Dr. Zacarian is the director of the Center for English Language Education and Advancing Student Achievement at the Collaborative for Educational Services and consults with state agencies and school districts nation-wide. Judie Haynes, a former ESL teacher with 28 years experience and owner of the website everythingESL.net, provides consulting on teaching ELs throughout the US and Canada.

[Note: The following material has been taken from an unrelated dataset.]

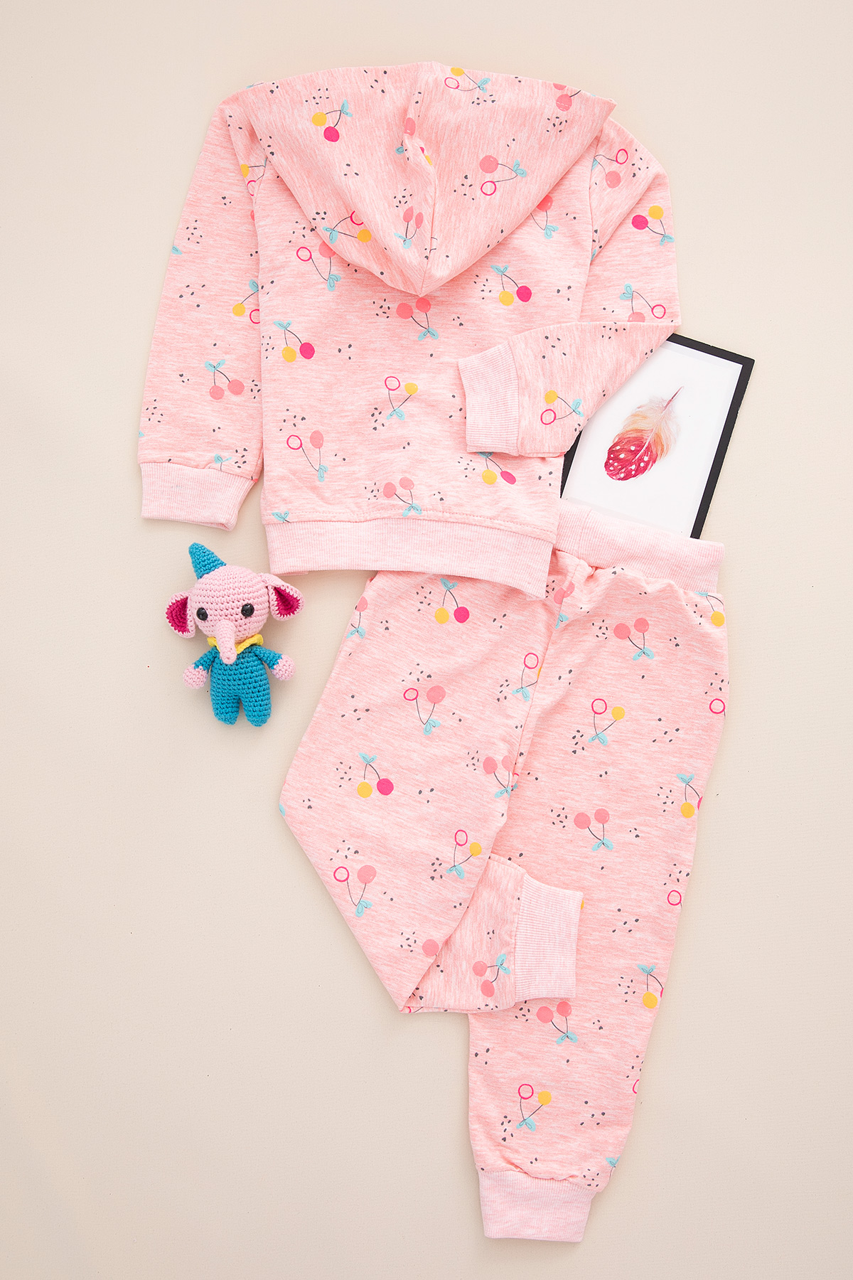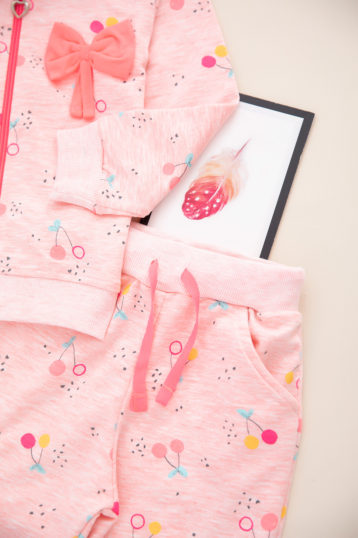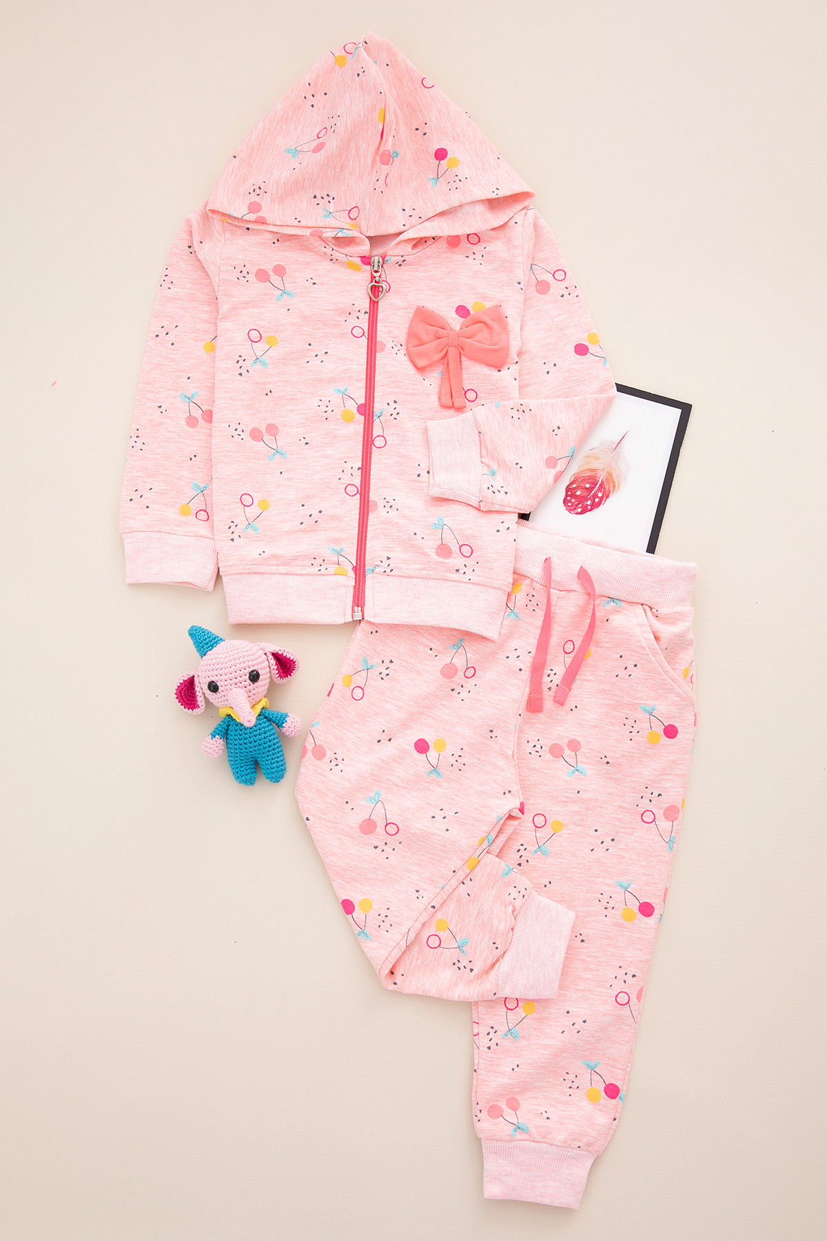 Kız Çocuk Çiçekli Fiyonklu Kapşonlu Takım - 329 (1-8 Yaş)

Katie Hull Sypnieski and I also recommended their previous book, Teaching English Language Learners Across the Content Areas, in our own book, The ESL/ELL Teacher’s Survival Guide:

Beginning English Learners and Culture Shock

 

No discussion of English learners’ first year of school would be complete without talking about culture shock. As educators, the more we do to help English learners (ELs) cope with the challenges that they face, including the anxiety that they might feel as they enter a new learning environment, the more positive their experience will be. While anxiety can manifest itself in a myriad of ways, it leads to insecurity and a barrier to learning. Many ELs experience these behaviors and dispositions. The more posi­tive the experience, the more open ELs are to learn.

Moving to a new school can be difficult for any student but for those who have to learn a new culture and language, the change can be traumatizing. If beginning ELs are coming from a different country for the first time, they will experience the trauma of a new culture, often referred as culture shock. Culture shock can dramatically affect a student’s first year in a U.S. school.

Let’s look at Aditya, who is a new fifth-grade student that recently arrived from India. Aditya is very frustrated about his inability to communicate and lashes out when he doesn’t understand what is being said. He is aggressive toward his classmates on the school playground. One day, the only other Hindi-speaking student in his school was absent and he couldn’t speak to his classmates at all. He became very upset and ran from the classroom and left the school.

Aditya’s orientation to school in the United States was especially hard. The school principal placed him in a classroom where there were no other speakers of Hindi. Aditya’s parents felt he would learn English much more quickly if he was not able to speak Hindi in school. As a result, he did not have any native language support. What might have happened if Aditya had been placed in a classroom where there were more Hindi-speaking students? We might surmise that his culture shock would not have been so severe.

Teachers, administrators, and other school personnel must realize that not all beginning ELs will suffer from culture shock in the same way. The spectrum varies from withdrawn and passive to aggressive. The greater the difference between the new culture and the students’ primary culture, the greater the shock. For example, a student moving from Mexico to Arizona, where there are many Spanish speakers, may not experience culture shock in the same way as a student moving from Sudan to Minnesota. In addition, parents of ELLs may be unable to help them because they are also suffering from culture shock.

In educational settings, researchers and practitioners recognize four of stages of culture shock the honeymoon or euphoric stage; rejection or culture shock stage; integration stage; assimilation or adaption stage. As educators, we need to be aware of these stages and how they can influence the behavior of newly arrived ELs.